§ **Your instructions**
Pictures stay out; everything else in the records below is to be repeated exactly.

§ **Available records**
════════════════════

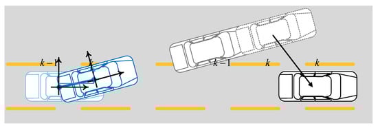 Automotive radar and LiDAR offer the relative range and angle of the detected object based on the host vehicle’s position and heading by interpreting signals that are reflected on the surface of the objects. Therefore, the measurements can be expressed on the host vehicle’s body-fixed coordinate by simply changing the polar coordinate into a Euclidian coordinate. The possible area defined to isolate fault in this paper is an area where radar and LiDAR measurements should exist. For example, if the target vehicle is in the front of ego vehicle, the rear edge of the target vehicle would be detected and the rear side of the target vehicle would become a possible area. Possible area can be calculated by predicting future behavior of the estimated surrounding targets at the previous. For example, the position of target vehicle at kth step can be predicted by the estimation results at k-1th, k-2nd, k-3rd, etc. However, since the host vehicle’s body-fixed coordinate changes every iteration as the host vehicle moves, the position of the predicted target vehicle should be rotated and transferred to be displayed on a new host vehicle’s body-fixed coordinate as illustrated in Figure 5.
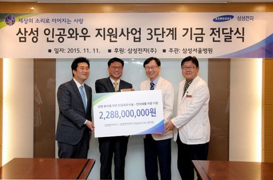 삼성전자 수원사회봉사단장 안재근 부사장 일행은 11일 삼성서울병원에서 권오정 원장과 만나 인공와우 수술 환아 가족을 격려하고 인공와우 수술과 재활치료를 지원하는 '삼성 인공와우 지원사업 3단계 기금 전달식'을 가졌다.
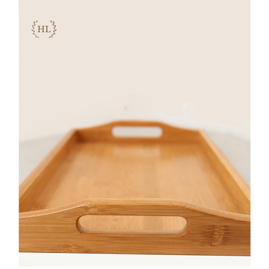 Khay gỗ chữ nhật đựng trà bánh được làm từ chất liệu gỗ tre tự nhiên cao cấp, tinh tế trong từng đường nét, màu sắc ấm dịu và gần gũ Khay gỗ trang trí
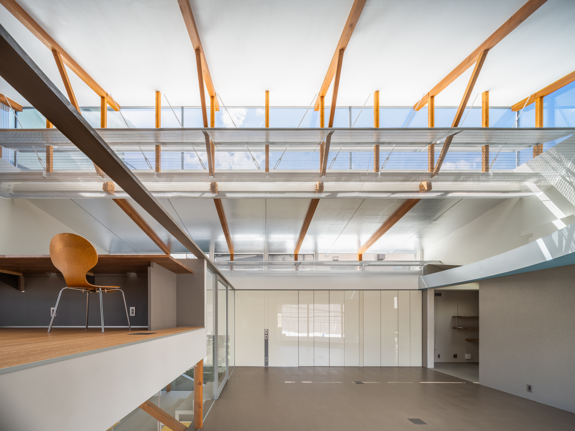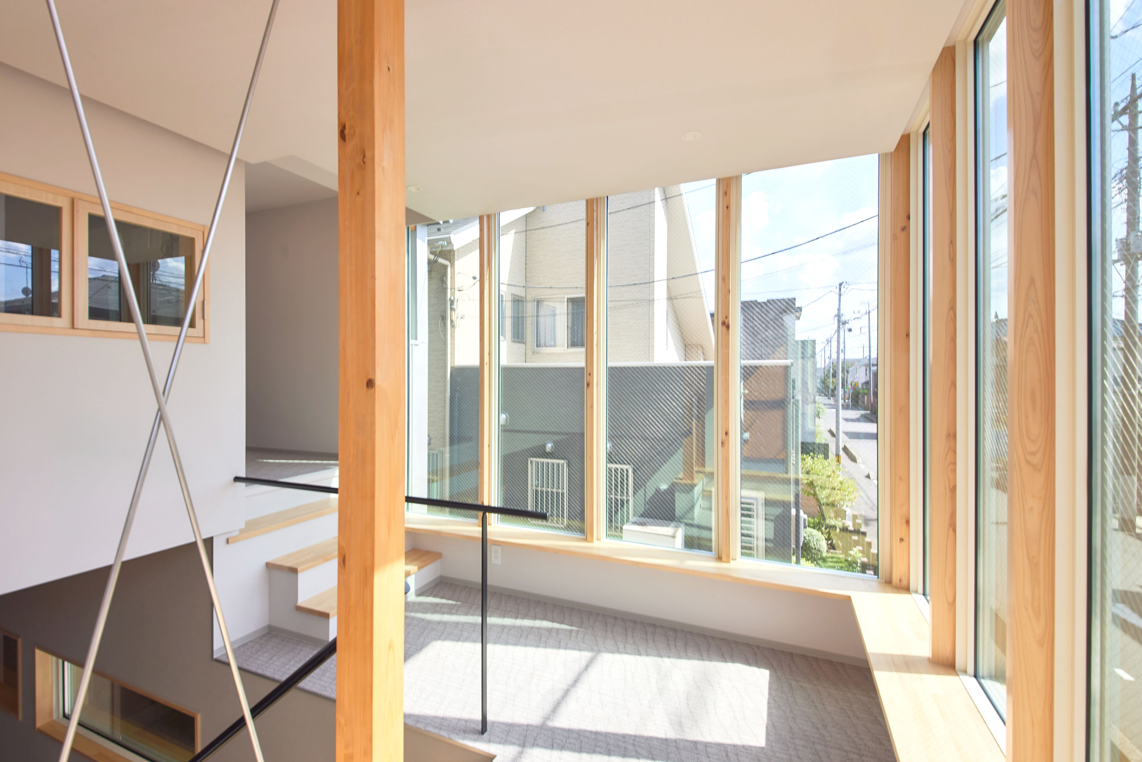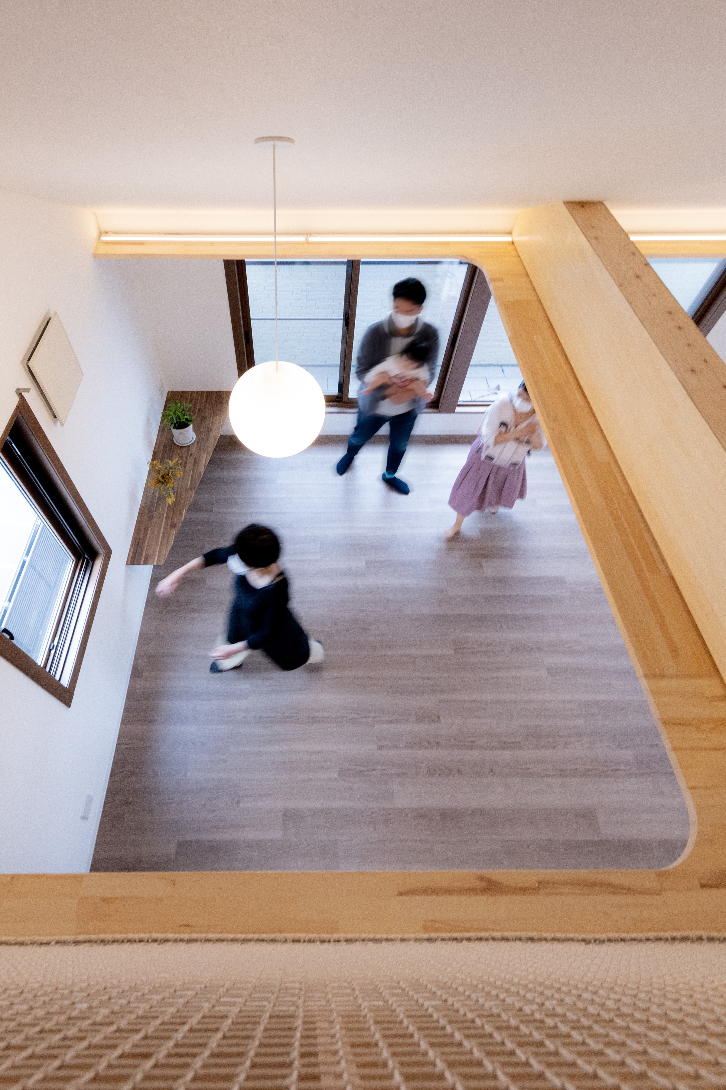 ロフトの立ち上りを下げて手摺とネットを付けることで、広がりをつくると同時に子供達が安心して遊べる様にしています。
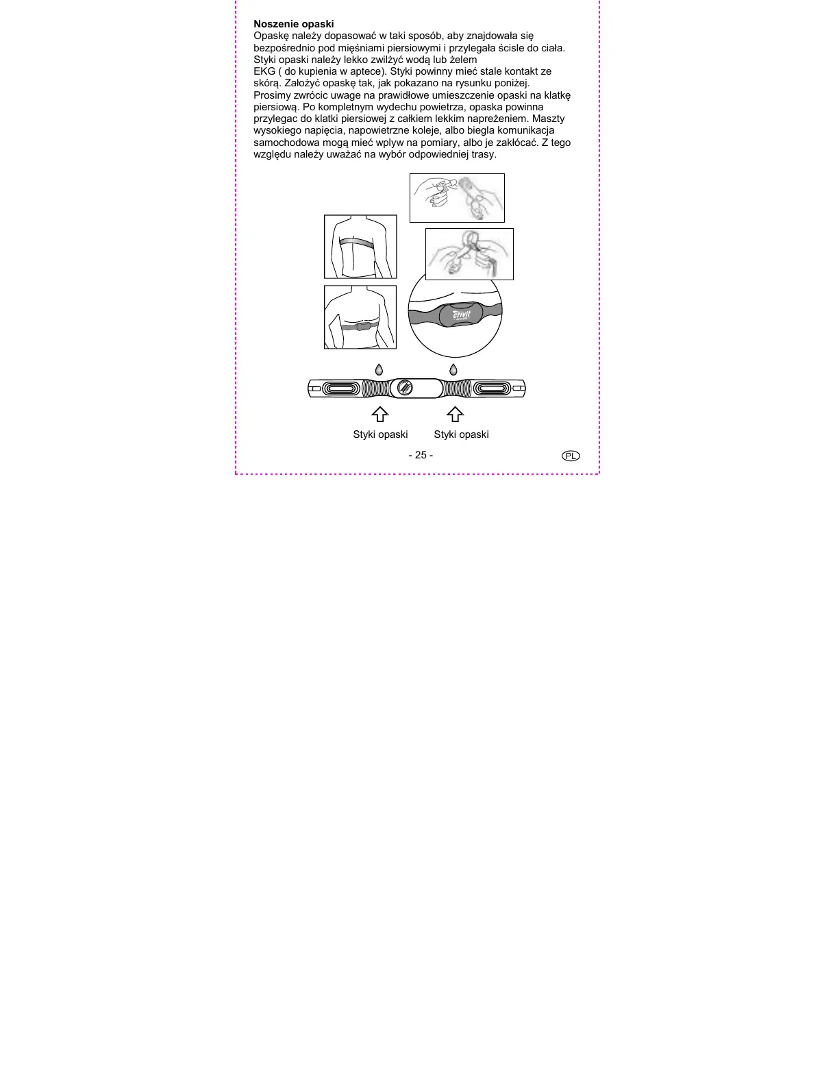 Prosimy zwrócic uwage na prawidłowe umieszczenie opaski na klatkę
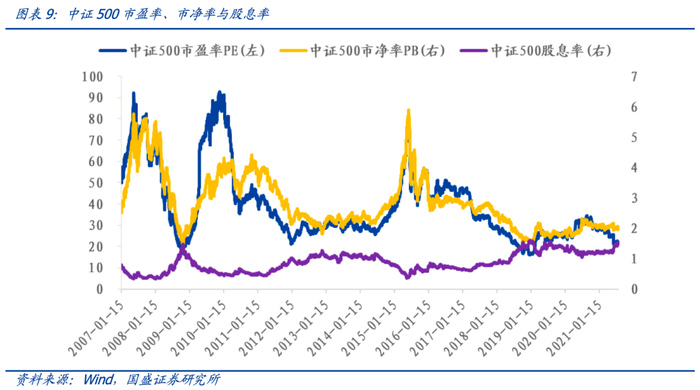 中证500当前总体估值水平较低且股息率水平非常高。中证500当前市盈率为21.9x,处于历史6.46%分位数水平,当前市净率为2.0x,处于历史17.95%分位数水平,股息率为1.47%,处于历史97.91%分位数水平。
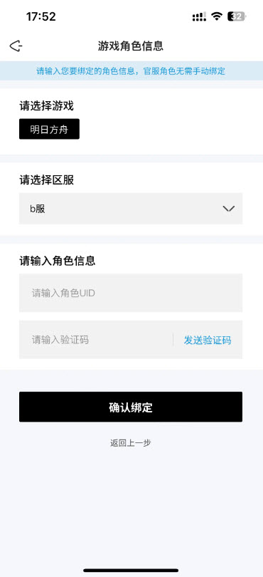 4、选择b服,然后输入角色uid以及验证码,确认绑定即可
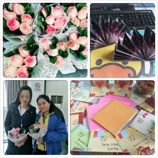 在東莞,因生產較忙,女員工們放棄休息,自愿在崗工作。東莞公司為女員工們準備的精致的禮物,晚上以一頓豐盛的晚餐慶祝此次“女神節”活動。
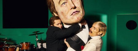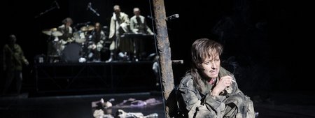 Auf der Bühne steht ein riesiges Bühnenbild aus verschiedenen Metallelementen. Darauf verteilt sich das Ensemble in verschiedenen Posen.
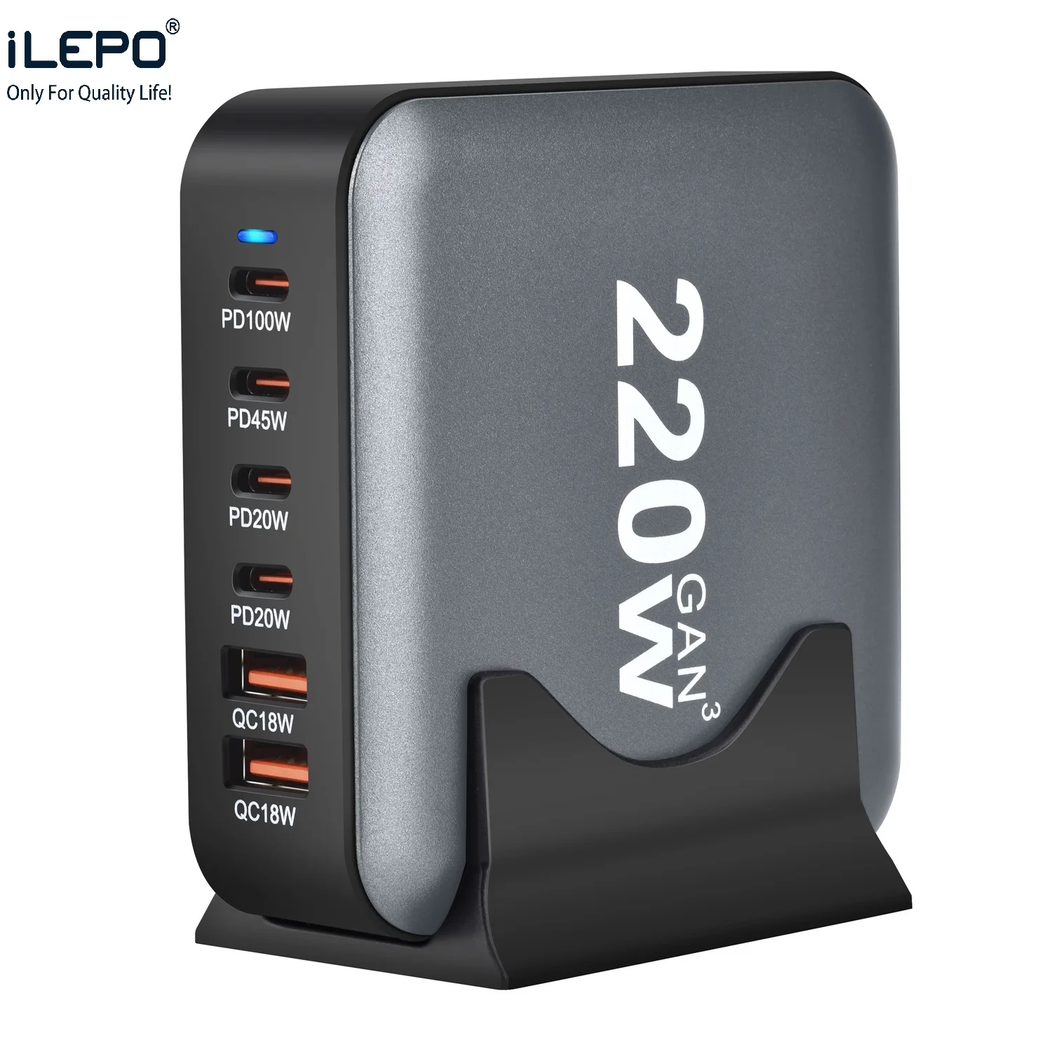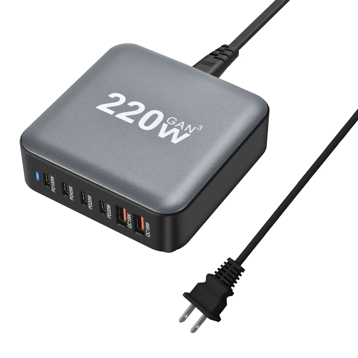 220W GaN 2A+4C Electric Charging Station PD 3.0 Fast for IPh Laptop Earphone Smart Watch Type-C Charging
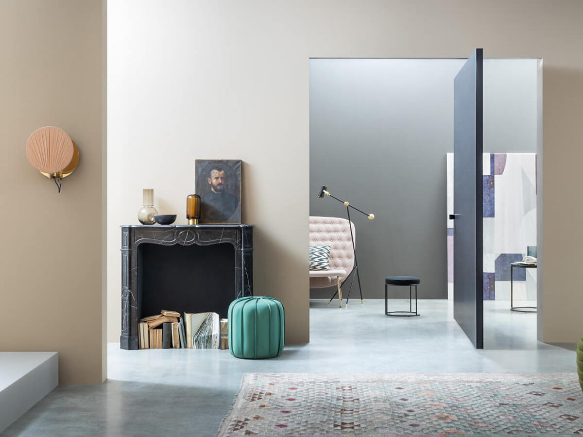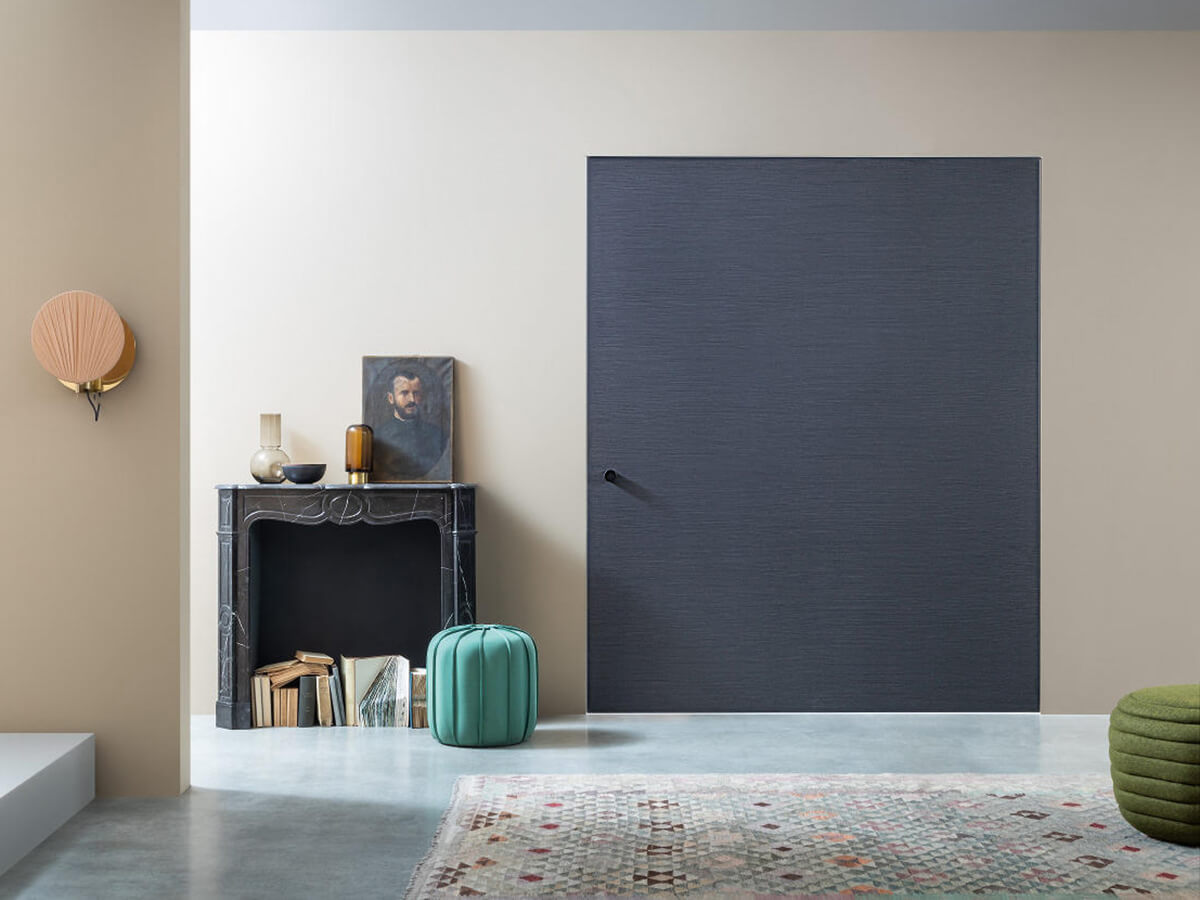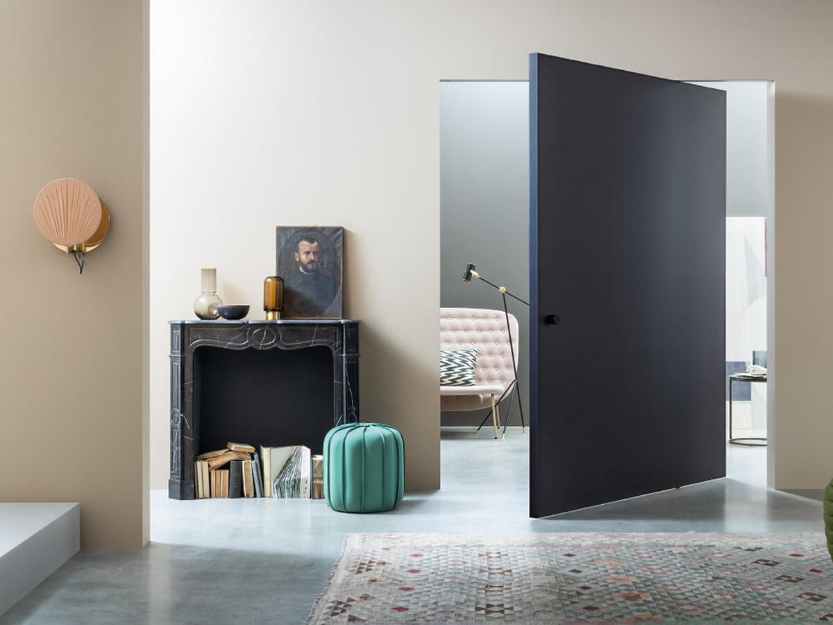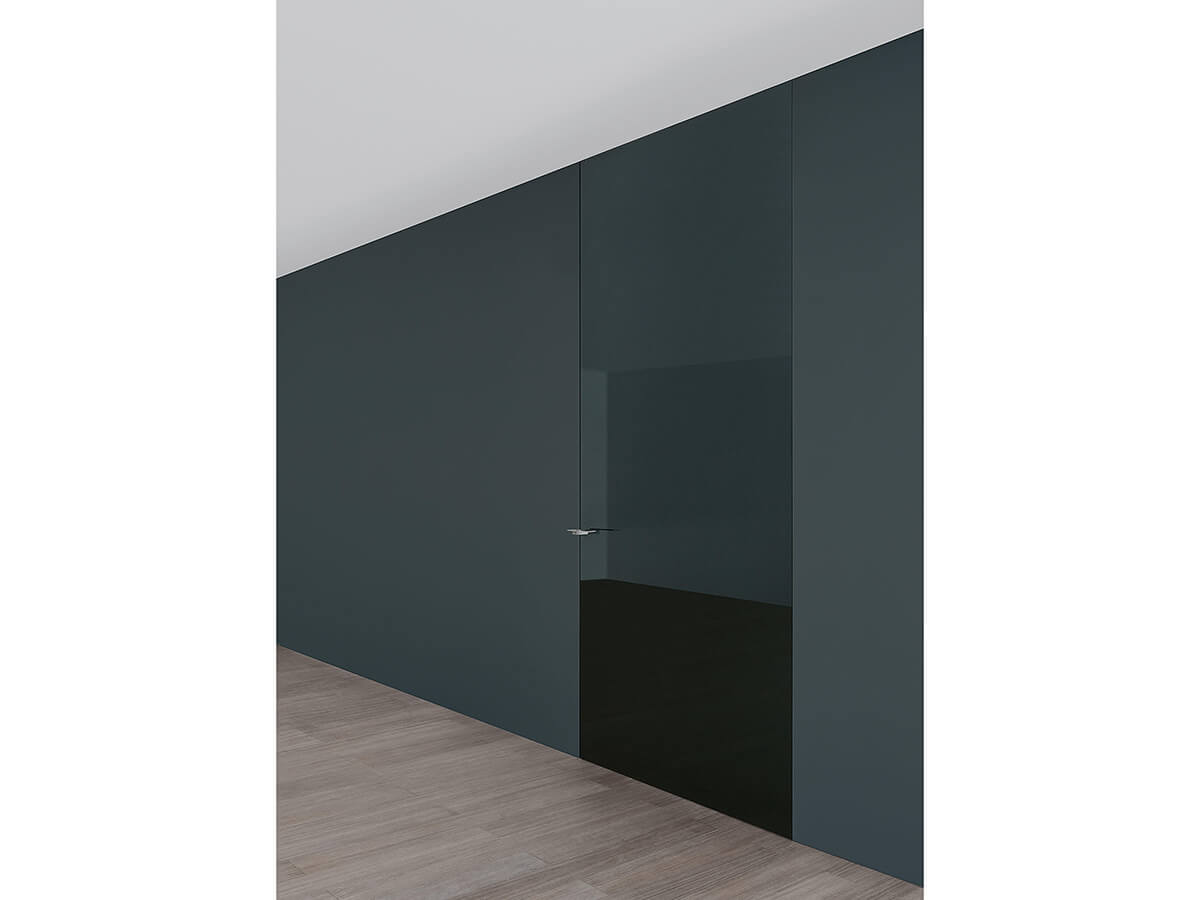 The Compass 55 model is a design pivot door that can count on the expertise of a premium brand like Lualdi, known throughout the world. Perfectly coplanar, when closed Compass 55 aligns itself with the wall in a discreet manner, revealing itself at the opening as a large and scenographic backdrop capable of connecting two spaces. The 55 mm thick door has a honeycomb structure and can be customized with a wide choice of finishes ranging from matt or glossy lacquers in various colors to different essences and woods. It is mounted on an anodized aluminum frame to be mounted on the wall and the opening is pivotal. Several options are available for closing: only one handle (to be chosen from the wide Lualdi range), handle and key, handle and latch or handle and safety cylinder.

════════════════════

§ **Output for this exercise**
 Automotive radar and LiDAR offer the relative range and angle of the detected object based on the host vehicle’s position and heading by interpreting signals that are reflected on the surface of the objects. Therefore, the measurements can be expressed on the host vehicle’s body-fixed coordinate by simply changing the polar coordinate into a Euclidian coordinate. The possible area defined to isolate fault in this paper is an area where radar and LiDAR measurements should exist. For example, if the target vehicle is in the front of ego vehicle, the rear edge of the target vehicle would be detected and the rear side of the target vehicle would become a possible area. Possible area can be calculated by predicting future behavior of the estimated surrounding targets at the previous. For example, the position of target vehicle at kth step can be predicted by the estimation results at k-1th, k-2nd, k-3rd, etc. However, since the host vehicle’s body-fixed coordinate changes every iteration as the host vehicle moves, the position of the predicted target vehicle should be rotated and transferred to be displayed on a new host vehicle’s body-fixed coordinate as illustrated in Figure 5.
 삼성전자 수원사회봉사단장 안재근 부사장 일행은 11일 삼성서울병원에서 권오정 원장과 만나 인공와우 수술 환아 가족을 격려하고 인공와우 수술과 재활치료를 지원하는 '삼성 인공와우 지원사업 3단계 기금 전달식'을 가졌다.
 Khay gỗ chữ nhật đựng trà bánh được làm từ chất liệu gỗ tre tự nhiên cao cấp, tinh tế trong từng đường nét, màu sắc ấm dịu và gần gũ Khay gỗ trang trí
 ロフトの立ち上りを下げて手摺とネットを付けることで、広がりをつくると同時に子供達が安心して遊べる様にしています。
 Prosimy zwrócic uwage na prawidłowe umieszczenie opaski na klatkę
 中证500当前总体估值水平较低且股息率水平非常高。中证500当前市盈率为21.9x,处于历史6.46%分位数水平,当前市净率为2.0x,处于历史17.95%分位数水平,股息率为1.47%,处于历史97.91%分位数水平。
 4、选择b服,然后输入角色uid以及验证码,确认绑定即可
 在東莞,因生產較忙,女員工們放棄休息,自愿在崗工作。東莞公司為女員工們準備的精致的禮物,晚上以一頓豐盛的晚餐慶祝此次“女神節”活動。
 Auf der Bühne steht ein riesiges Bühnenbild aus verschiedenen Metallelementen. Darauf verteilt sich das Ensemble in verschiedenen Posen.
 220W GaN 2A+4C Electric Charging Station PD 3.0 Fast for IPh Laptop Earphone Smart Watch Type-C Charging
 The Compass 55 model is a design pivot door that can count on the expertise of a premium brand like Lualdi, known throughout the world. Perfectly coplanar, when closed Compass 55 aligns itself with the wall in a discreet manner, revealing itself at the opening as a large and scenographic backdrop capable of connecting two spaces. The 55 mm thick door has a honeycomb structure and can be customized with a wide choice of finishes ranging from matt or glossy lacquers in various colors to different essences and woods. It is mounted on an anodized aluminum frame to be mounted on the wall and the opening is pivotal. Several options are available for closing: only one handle (to be chosen from the wide Lualdi range), handle and key, handle and latch or handle and safety cylinder.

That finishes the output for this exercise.